Why this matters for Canadian businesses: The Canadian Centre for Cyber Security National Cyber Threat Assessment names ransomware against small and medium organizations as the most disruptive ongoing cyber threat to Canada. The same assessment notes that Canadian SMBs are the least resourced cohort to defend against it.

Statistics Canada’s Canadian Survey of Cyber Security and Cybercrime confirms that small and medium employers are the least likely cohort to maintain a documented incident response plan or run regular tabletop exercises.

The Canadian Anti-Fraud Centre reports business email compromise and investment fraud as the two highest-loss categories nationally. The Information and Privacy Commissioner of Ontario and the Office of the Information and Privacy Commissioner for British Columbia continue to flag healthcare, legal, and professional services firms as breach-disclosure hotspots under PHIPA, PIPEDA, and BC PIPA.

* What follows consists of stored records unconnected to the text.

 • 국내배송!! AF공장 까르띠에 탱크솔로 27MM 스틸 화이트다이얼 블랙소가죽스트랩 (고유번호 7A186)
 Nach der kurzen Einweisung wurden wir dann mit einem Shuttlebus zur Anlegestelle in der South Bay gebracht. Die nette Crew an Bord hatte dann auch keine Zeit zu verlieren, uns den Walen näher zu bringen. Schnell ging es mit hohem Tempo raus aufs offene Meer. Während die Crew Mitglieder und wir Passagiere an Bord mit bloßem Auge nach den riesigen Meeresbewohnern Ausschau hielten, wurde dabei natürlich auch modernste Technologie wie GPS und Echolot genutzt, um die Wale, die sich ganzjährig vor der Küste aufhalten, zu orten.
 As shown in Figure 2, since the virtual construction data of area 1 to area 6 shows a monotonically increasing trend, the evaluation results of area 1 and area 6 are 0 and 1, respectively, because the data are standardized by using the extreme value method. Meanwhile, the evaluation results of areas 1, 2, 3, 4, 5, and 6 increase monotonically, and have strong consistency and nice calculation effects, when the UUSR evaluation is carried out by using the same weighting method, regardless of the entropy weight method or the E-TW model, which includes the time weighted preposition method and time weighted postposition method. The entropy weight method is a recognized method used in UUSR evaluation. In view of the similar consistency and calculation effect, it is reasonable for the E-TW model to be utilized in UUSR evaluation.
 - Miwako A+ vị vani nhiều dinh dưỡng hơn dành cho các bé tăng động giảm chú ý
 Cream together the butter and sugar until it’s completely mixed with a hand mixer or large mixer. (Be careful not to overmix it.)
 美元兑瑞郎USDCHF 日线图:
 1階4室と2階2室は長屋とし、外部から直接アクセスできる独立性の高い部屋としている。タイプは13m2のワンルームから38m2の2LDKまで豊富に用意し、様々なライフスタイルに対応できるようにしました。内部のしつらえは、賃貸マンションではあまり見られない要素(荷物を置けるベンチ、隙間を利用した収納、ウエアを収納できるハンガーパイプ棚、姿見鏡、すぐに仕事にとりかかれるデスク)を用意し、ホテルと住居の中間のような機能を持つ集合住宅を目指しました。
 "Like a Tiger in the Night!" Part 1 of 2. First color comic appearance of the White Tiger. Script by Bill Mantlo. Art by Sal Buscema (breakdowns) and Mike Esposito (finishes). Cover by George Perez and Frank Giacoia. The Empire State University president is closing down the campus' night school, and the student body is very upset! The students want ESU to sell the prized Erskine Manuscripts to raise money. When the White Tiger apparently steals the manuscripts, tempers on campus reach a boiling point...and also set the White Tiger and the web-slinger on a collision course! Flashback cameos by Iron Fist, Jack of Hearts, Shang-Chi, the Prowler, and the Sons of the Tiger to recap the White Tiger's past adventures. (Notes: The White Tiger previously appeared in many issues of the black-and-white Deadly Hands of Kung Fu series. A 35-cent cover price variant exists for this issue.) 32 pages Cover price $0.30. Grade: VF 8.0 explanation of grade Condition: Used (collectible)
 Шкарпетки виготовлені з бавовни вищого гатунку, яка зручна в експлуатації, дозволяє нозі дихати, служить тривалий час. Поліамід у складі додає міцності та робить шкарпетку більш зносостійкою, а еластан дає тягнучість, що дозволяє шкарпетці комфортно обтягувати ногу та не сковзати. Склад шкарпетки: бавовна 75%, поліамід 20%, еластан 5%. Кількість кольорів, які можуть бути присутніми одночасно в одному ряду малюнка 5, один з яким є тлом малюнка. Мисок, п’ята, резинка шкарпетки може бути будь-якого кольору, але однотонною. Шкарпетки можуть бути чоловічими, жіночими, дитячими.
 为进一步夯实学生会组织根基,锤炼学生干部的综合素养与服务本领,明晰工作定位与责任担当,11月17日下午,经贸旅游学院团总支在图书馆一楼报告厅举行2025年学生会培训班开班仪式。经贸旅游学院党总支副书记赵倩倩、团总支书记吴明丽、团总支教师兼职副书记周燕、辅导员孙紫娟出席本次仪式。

Innovation, Science and Economic Development Canada’s CyberSecure Canada program reinforces the same baseline controls that cyber insurers like Beazley, Chubb, and Intact now require at renewal. That alignment, NIST CSF 2.0 mapped to PIPEDA, PHIPA, BC PIPA, and CCCS Baseline Controls, is exactly what a CISSP-led managed program delivers from Toronto, Hamilton, and Vancouver. Sources: cyber.gc.ca, statcan.gc.ca, antifraudcentre-centreantifraude.ca, ipc.on.ca, oipc.bc.ca, ised-isde.canada.ca.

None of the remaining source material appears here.